▸ **What needs to be done**
Pictures in the records below must be left out. Return exactly the lines from the line with "Le Ministère du" to the line with "Затем в храме", both included.

▸ **Provided data**

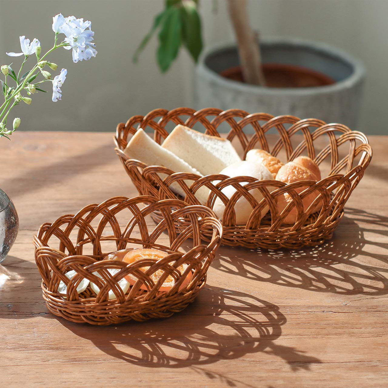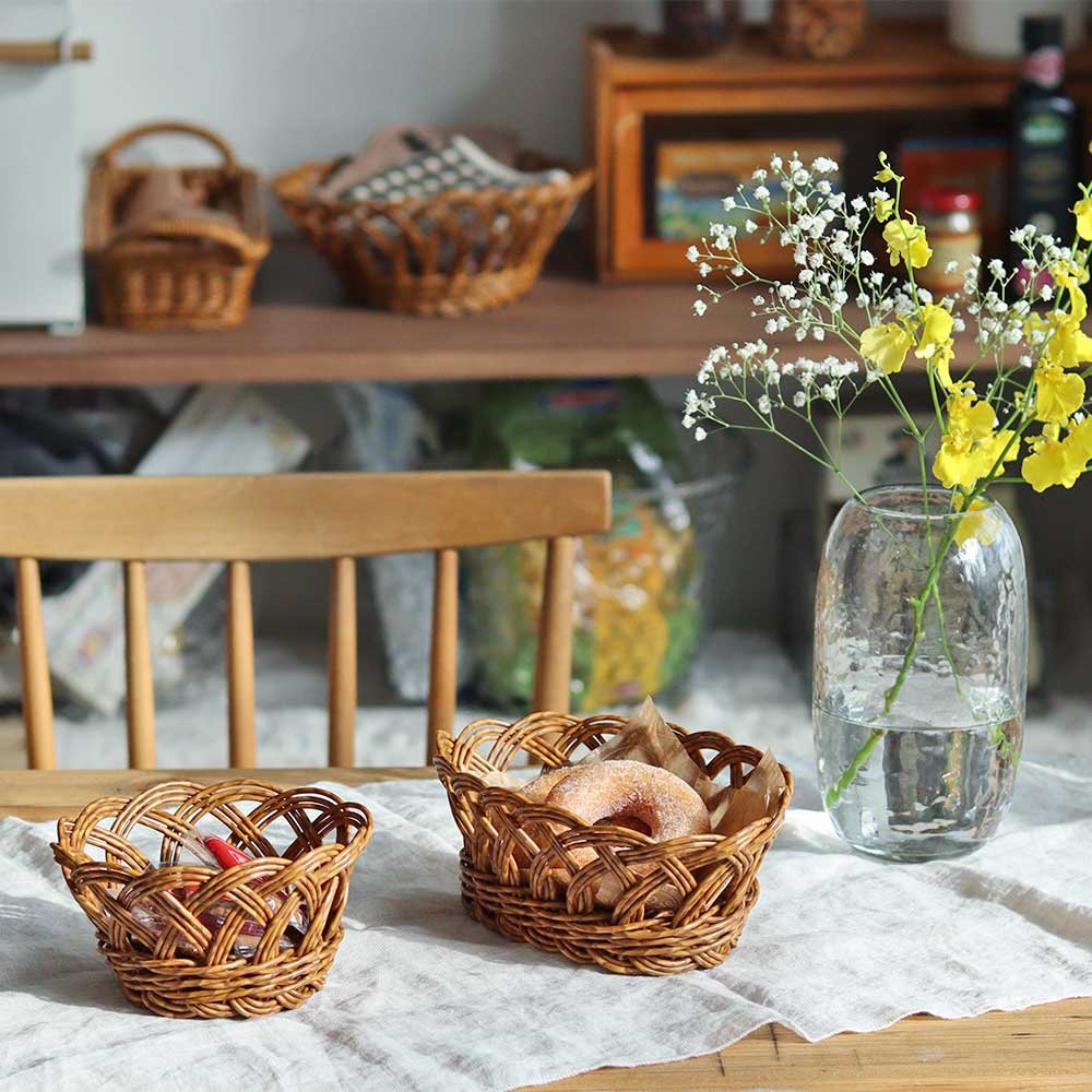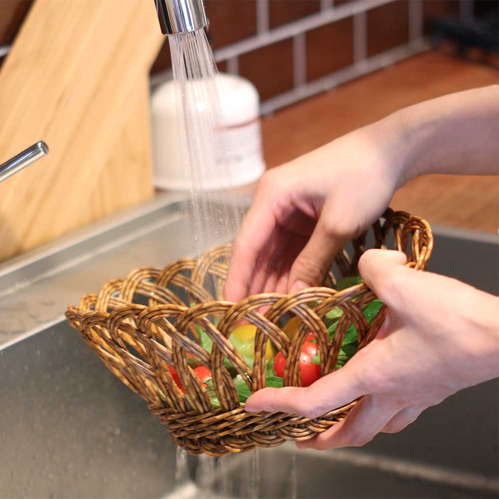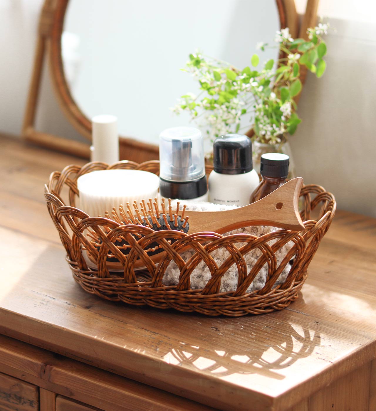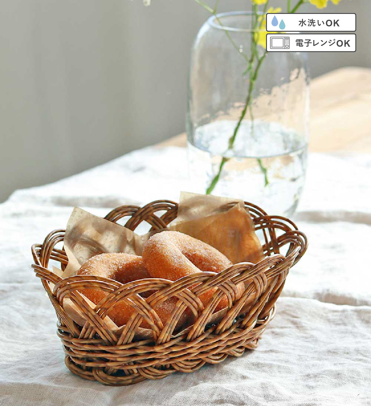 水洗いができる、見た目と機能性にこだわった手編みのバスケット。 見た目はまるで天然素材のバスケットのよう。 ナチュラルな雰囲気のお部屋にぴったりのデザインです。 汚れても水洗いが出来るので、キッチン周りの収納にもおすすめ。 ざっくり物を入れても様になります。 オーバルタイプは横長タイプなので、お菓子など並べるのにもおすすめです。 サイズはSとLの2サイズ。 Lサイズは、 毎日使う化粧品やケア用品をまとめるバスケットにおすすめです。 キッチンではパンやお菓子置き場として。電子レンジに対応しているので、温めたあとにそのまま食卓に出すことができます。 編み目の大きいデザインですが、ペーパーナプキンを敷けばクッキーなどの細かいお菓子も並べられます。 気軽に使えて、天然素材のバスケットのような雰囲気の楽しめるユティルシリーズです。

---

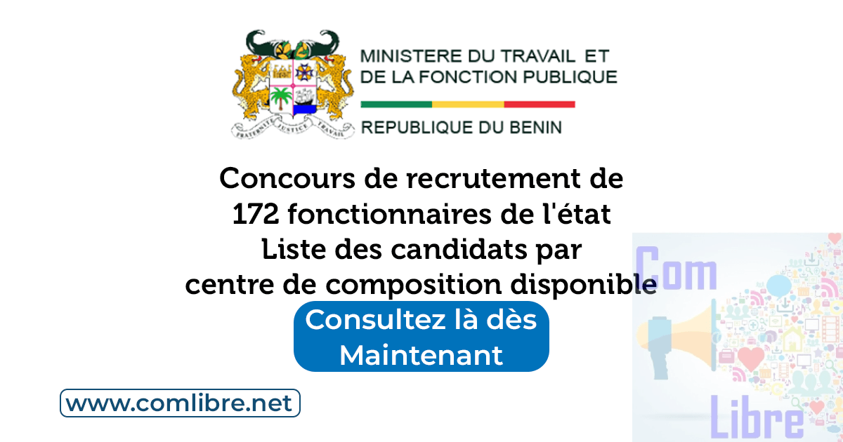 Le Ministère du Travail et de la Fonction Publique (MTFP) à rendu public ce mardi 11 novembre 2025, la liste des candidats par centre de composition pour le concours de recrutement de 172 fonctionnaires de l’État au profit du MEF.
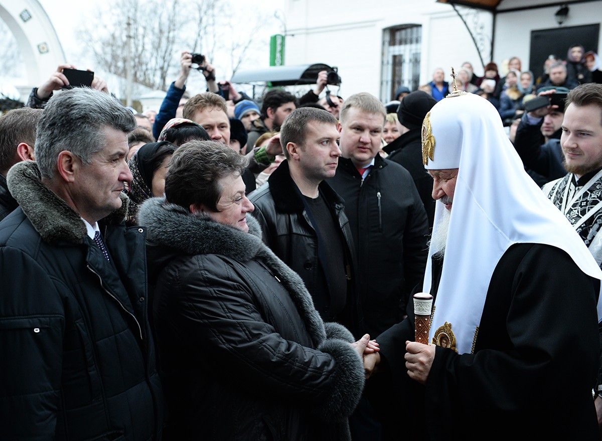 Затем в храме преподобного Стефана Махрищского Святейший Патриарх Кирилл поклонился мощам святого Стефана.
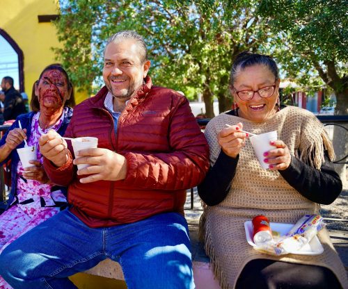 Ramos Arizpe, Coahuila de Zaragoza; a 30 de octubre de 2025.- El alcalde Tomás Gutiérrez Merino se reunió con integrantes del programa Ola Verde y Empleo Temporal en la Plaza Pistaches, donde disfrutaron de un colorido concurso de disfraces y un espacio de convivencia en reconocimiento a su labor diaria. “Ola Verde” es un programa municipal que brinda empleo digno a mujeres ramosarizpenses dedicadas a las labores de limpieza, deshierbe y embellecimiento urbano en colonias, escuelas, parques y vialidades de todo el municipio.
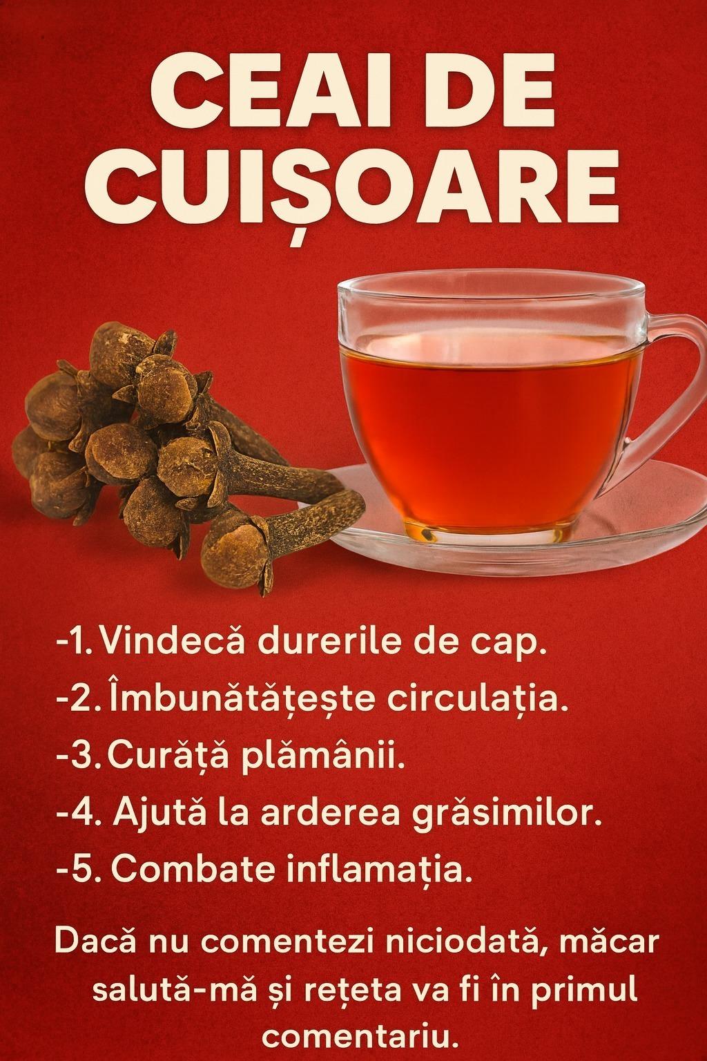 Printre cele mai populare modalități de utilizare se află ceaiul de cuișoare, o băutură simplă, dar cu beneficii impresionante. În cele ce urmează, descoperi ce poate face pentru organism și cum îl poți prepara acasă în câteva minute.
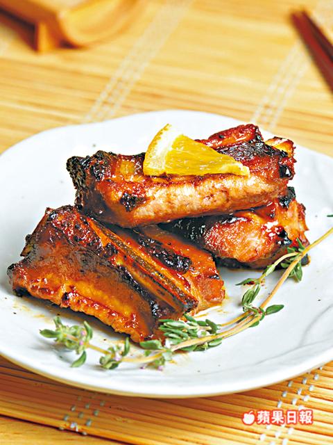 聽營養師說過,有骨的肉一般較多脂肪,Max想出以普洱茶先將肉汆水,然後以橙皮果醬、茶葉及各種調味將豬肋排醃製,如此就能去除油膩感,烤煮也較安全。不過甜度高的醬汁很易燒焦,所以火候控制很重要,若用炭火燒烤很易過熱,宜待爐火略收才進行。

▸ **Solution to this problem**
 Le Ministère du Travail et de la Fonction Publique (MTFP) à rendu public ce mardi 11 novembre 2025, la liste des candidats par centre de composition pour le concours de recrutement de 172 fonctionnaires de l’État au profit du MEF.
 Затем в храме преподобного Стефана Махрищского Святейший Патриарх Кирилл поклонился мощам святого Стефана.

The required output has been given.